## TASK INPUTS
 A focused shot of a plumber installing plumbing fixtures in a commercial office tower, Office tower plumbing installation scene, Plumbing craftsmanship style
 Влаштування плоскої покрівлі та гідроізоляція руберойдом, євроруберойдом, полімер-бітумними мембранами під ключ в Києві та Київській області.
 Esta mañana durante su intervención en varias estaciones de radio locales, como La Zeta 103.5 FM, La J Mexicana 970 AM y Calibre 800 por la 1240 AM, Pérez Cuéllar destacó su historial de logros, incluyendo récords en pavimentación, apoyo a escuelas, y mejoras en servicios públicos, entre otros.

---

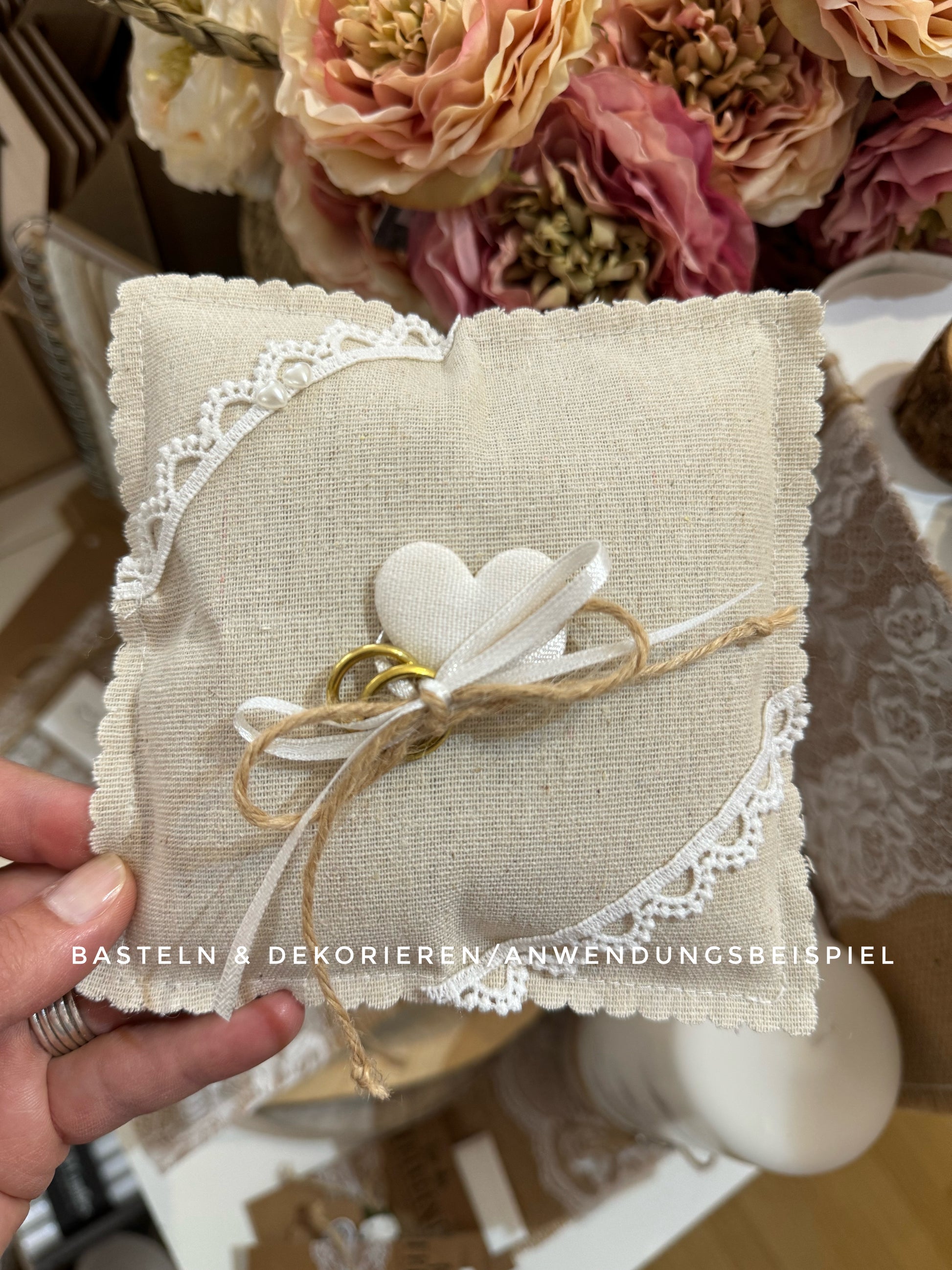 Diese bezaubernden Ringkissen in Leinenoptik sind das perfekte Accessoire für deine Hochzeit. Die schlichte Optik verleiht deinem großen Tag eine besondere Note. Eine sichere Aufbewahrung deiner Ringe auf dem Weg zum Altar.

==

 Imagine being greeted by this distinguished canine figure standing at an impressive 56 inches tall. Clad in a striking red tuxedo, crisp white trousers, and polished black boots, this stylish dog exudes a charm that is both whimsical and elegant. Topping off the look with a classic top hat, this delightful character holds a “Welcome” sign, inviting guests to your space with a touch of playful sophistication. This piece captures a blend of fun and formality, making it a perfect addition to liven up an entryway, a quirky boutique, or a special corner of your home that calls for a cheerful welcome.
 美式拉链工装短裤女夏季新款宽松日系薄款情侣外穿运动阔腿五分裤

## WHAT TO PRODUCE
Go through the listing above and write out exactly the lines starting with the one holding "A focused shot" and running through the one holding "Esta mañana durante", ends included, and no others.

## REPLY
 A focused shot of a plumber installing plumbing fixtures in a commercial office tower, Office tower plumbing installation scene, Plumbing craftsmanship style
 Влаштування плоскої покрівлі та гідроізоляція руберойдом, євроруберойдом, полімер-бітумними мембранами під ключ в Києві та Київській області.
 Esta mañana durante su intervención en varias estaciones de radio locales, como La Zeta 103.5 FM, La J Mexicana 970 AM y Calibre 800 por la 1240 AM, Pérez Cuéllar destacó su historial de logros, incluyendo récords en pavimentación, apoyo a escuelas, y mejoras en servicios públicos, entre otros.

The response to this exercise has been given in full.